Your goal -
From the first line of the records below, transcribe each line exactly up to and including the one with "Los niveles inadecuados"; pictures stay out.

----

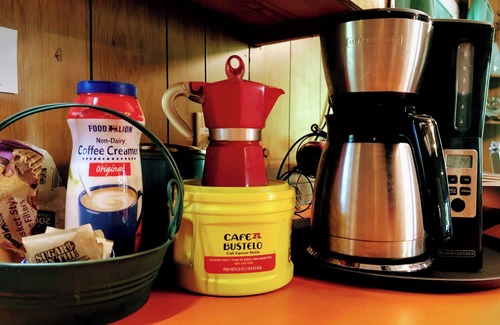 The kitchen has everything you’ll need to prepare meals at home, from cookware to spices, condiments, and coffee. Appliances include an air fryer, microwave, panini press, drip coffee maker and stovetop espresso maker.
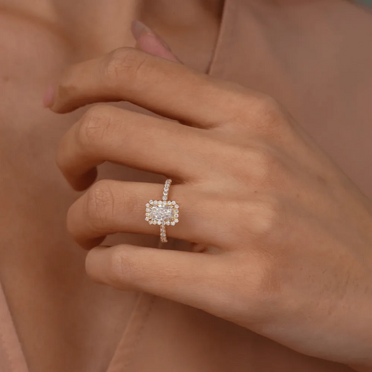 Radiant Cut Moissanite Solitaire Ring Halo Engagement Ring For Her
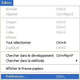 L’accès à la boîte de dialogue des Préférences s’effectue via la commande Préférences... du menu Edition (Windows) ou du menu Application (Mac OS) de 4D :
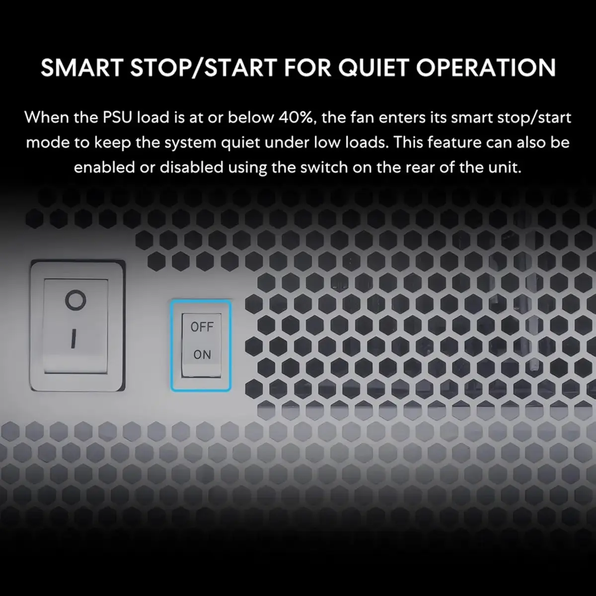 Fanless operation up to 40% load with smart stop/start for whisper-quiet performance.
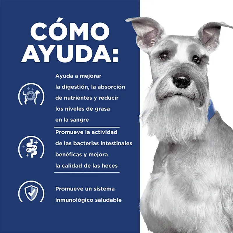 Los niveles inadecuados de grasa en la sangre, la incapacidad para digerir proteínas o la falta de enzimas digestivas producidas por el organismo pueden afectar la salud digestiva de tu perro. Una digestión eficiente es esencial para que tu mascota pueda construir y reparar tejidos, así como obtener la energía necesaria. Por estas razones, es importante alimentar a tu perro con un alimento formulado para ayudar a mantener la salud digestiva.
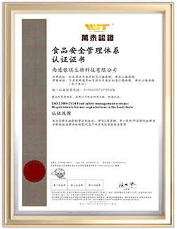 公司通過了 ISO9001質(zhì)量管理體系認證 ISO22000食品安全管理體系。并獲得KOSHER、HALAL認證等專業(yè)資質(zhì)認證。是西南大學科研教學實習基地,也是華中農(nóng)業(yè)大學教學生產(chǎn)實習基地。
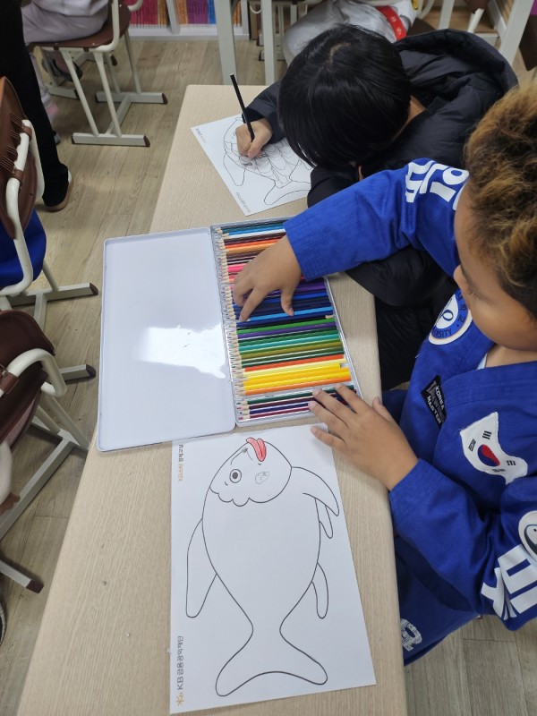무지개 물고기를 다같이 읽어 보았는데, 한줄씩 잘 읽어주고 집중을 잘 해주었습니다. 많은 아이들이 이 책을 읽어봤던 경험이 있어서 독서활동이 수월했습니다.
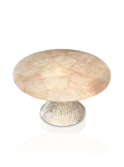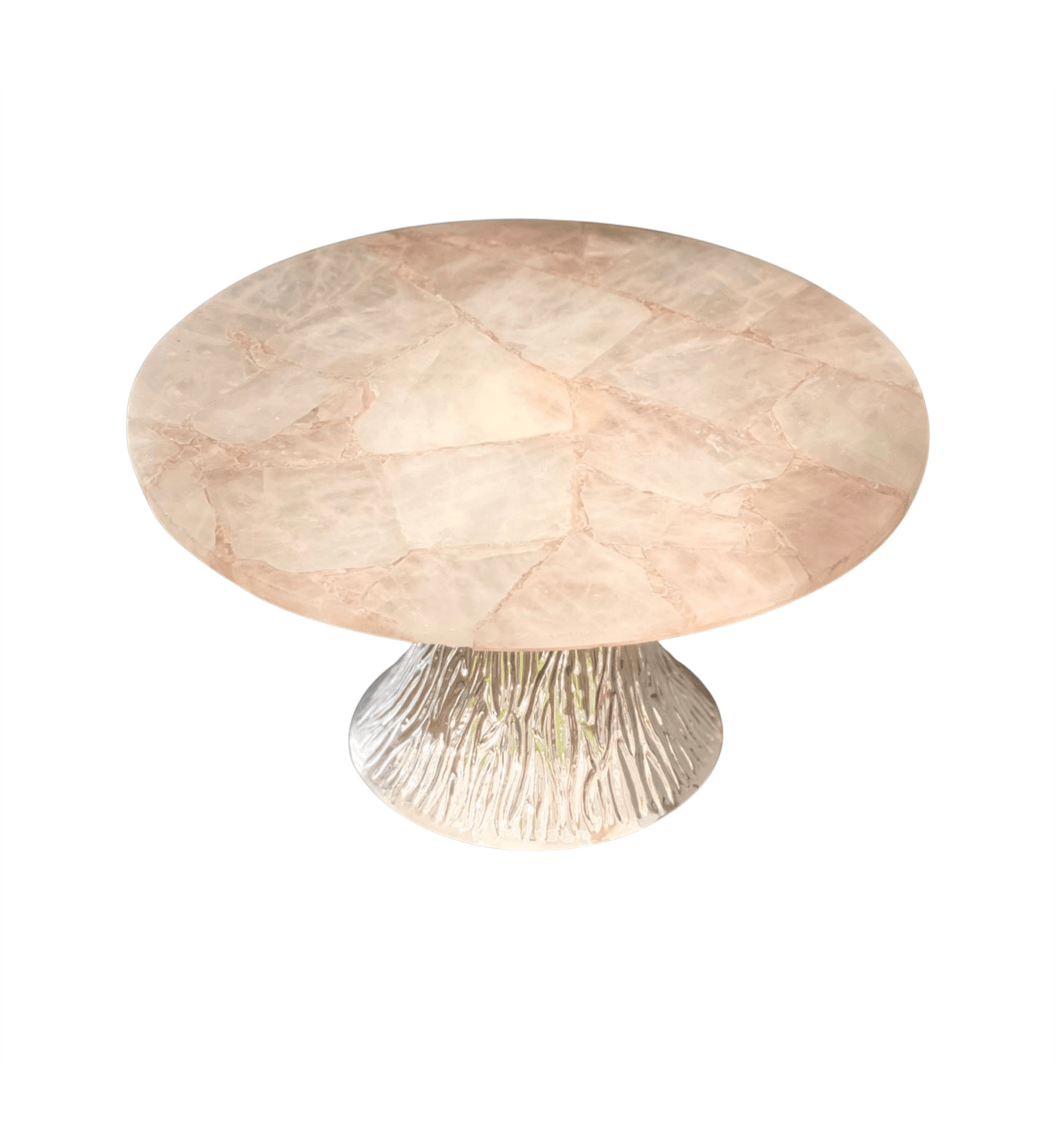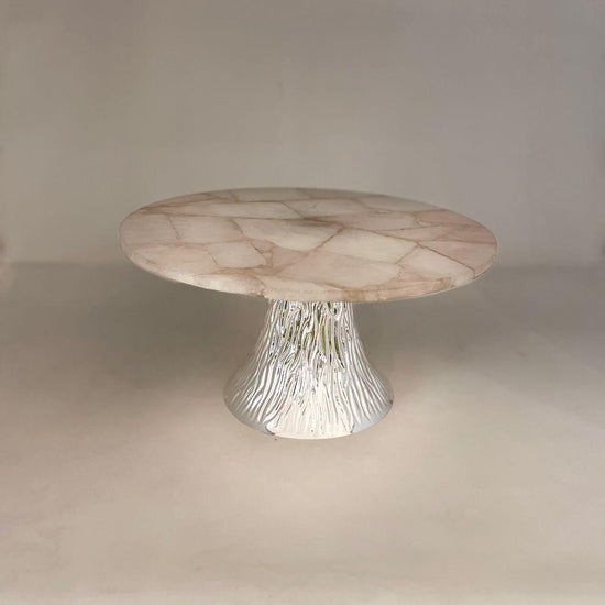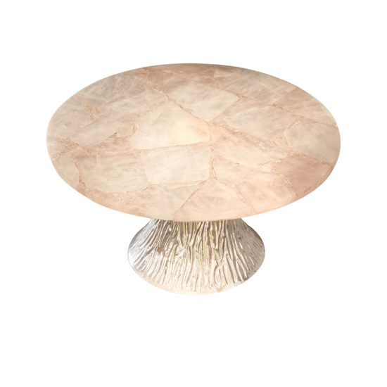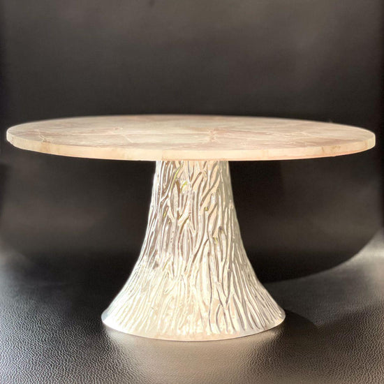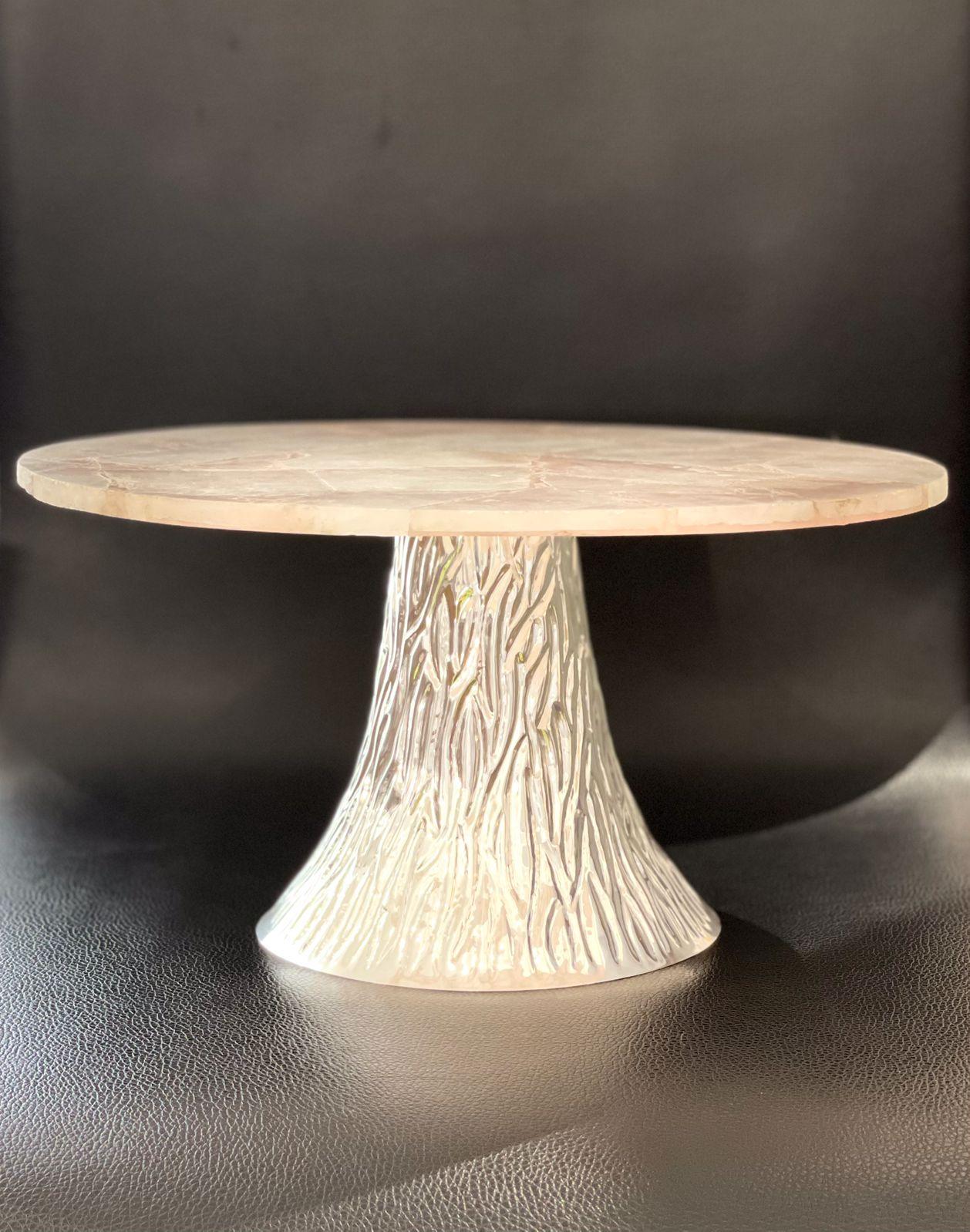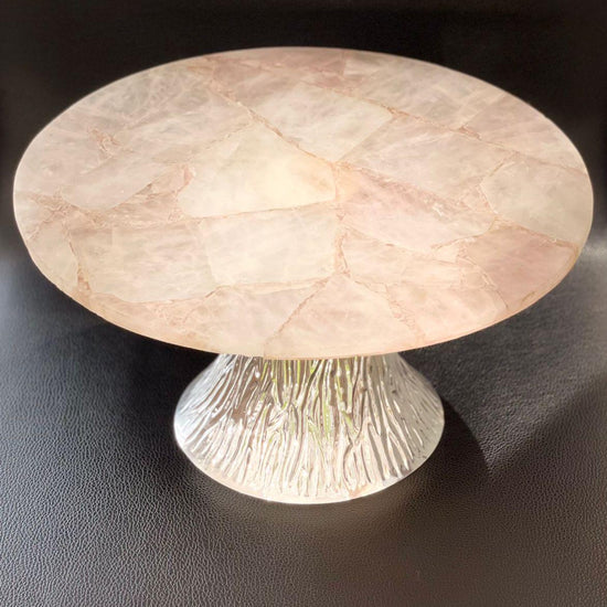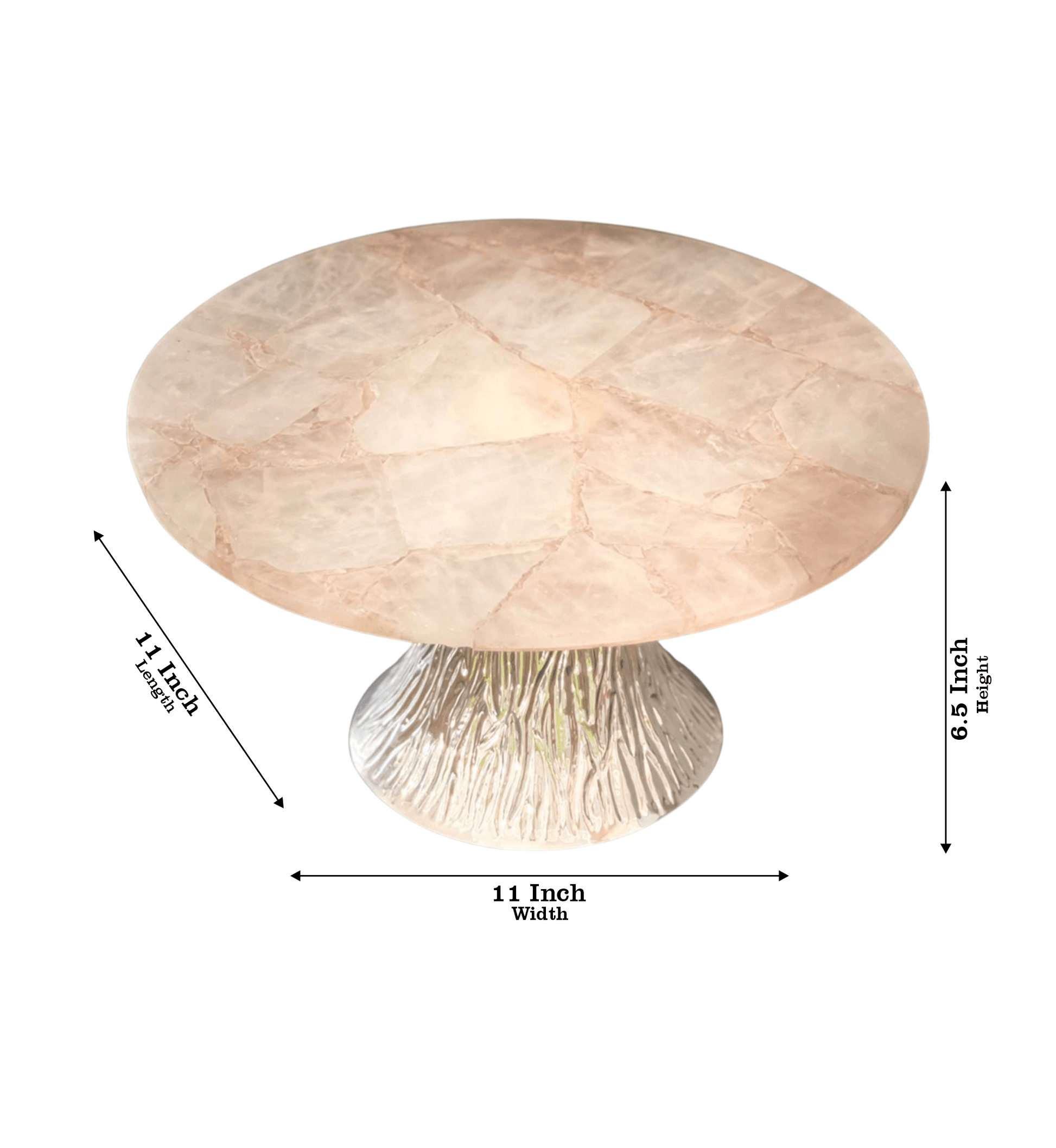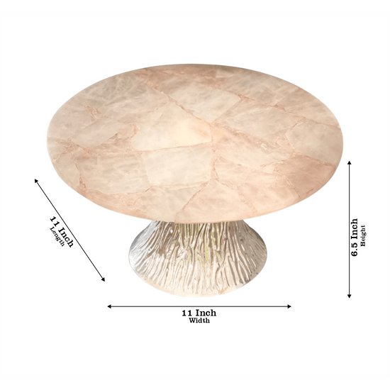 Elevate your table setting with this Roots Collection Cake Platter. This stunning round plate is crafted from exquisite rose quartz stone, beautifully complemented by a base of brass with silver plating. Perfect for showcasing your favorite desserts with a touch of elegance and sophistication.

----

Solution to this task -
 The kitchen has everything you’ll need to prepare meals at home, from cookware to spices, condiments, and coffee. Appliances include an air fryer, microwave, panini press, drip coffee maker and stovetop espresso maker.
 Radiant Cut Moissanite Solitaire Ring Halo Engagement Ring For Her
 L’accès à la boîte de dialogue des Préférences s’effectue via la commande Préférences... du menu Edition (Windows) ou du menu Application (Mac OS) de 4D :
 Fanless operation up to 40% load with smart stop/start for whisper-quiet performance.
 Los niveles inadecuados de grasa en la sangre, la incapacidad para digerir proteínas o la falta de enzimas digestivas producidas por el organismo pueden afectar la salud digestiva de tu perro. Una digestión eficiente es esencial para que tu mascota pueda construir y reparar tejidos, así como obtener la energía necesaria. Por estas razones, es importante alimentar a tu perro con un alimento formulado para ayudar a mantener la salud digestiva.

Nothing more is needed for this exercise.